I’m used to setting max_depth in order to control the depth of a decision tree, and thus its tendency to overfit. If I understand correctly, max_leaf_nodes is similar in the sense that it also controls the depth of a tree (and thus over/underfitting), because if I limit the maximum number of leaves (terminal nodes) of a tree, I’m also limiting its depth. For example, if max_leaf_nodes=20, then each of the trees which compose the boosting ensemble will have at most 20 terminal nodes, and thus I don’t expect them to overfit on a dataset with, say, 1000 samples. Correct? Instead, with max_leaf_nodes=1000, they would be extremely likely to overfit, because there could be one training sample per leaf, which is as bad an idea as fitting a polynomial of degree N equal to the size of the training set. Training error = 0, but test error goes over the roof, most likely. Right?
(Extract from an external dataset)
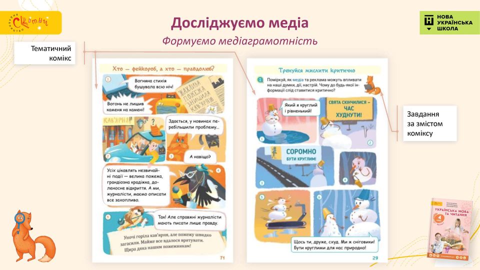 Для критичного освоєння комунікативного медіасередовища учням пропонуються завдання від персонажа Медійки.

Yes, both will control the tree flexibility and control the underfit/overfit tradeoff.

There is a later section (in the module about decision tree/hyperparameters) specifically on this topic: Importance of decision tree hyperparameters on generalization — Scikit-learn course

In short, max_depth and max_leaf_nodes will differ in the way that max_depth will force to get balanced/symmetric trees while max_leaf_nodes can still allow a tree to grow on a imbalanced manner, if required. I think that the example in the later section give a good intuition on the matter.

In short, it is a better idea to tune max_leaf_nodes in practice than max_depth indeed.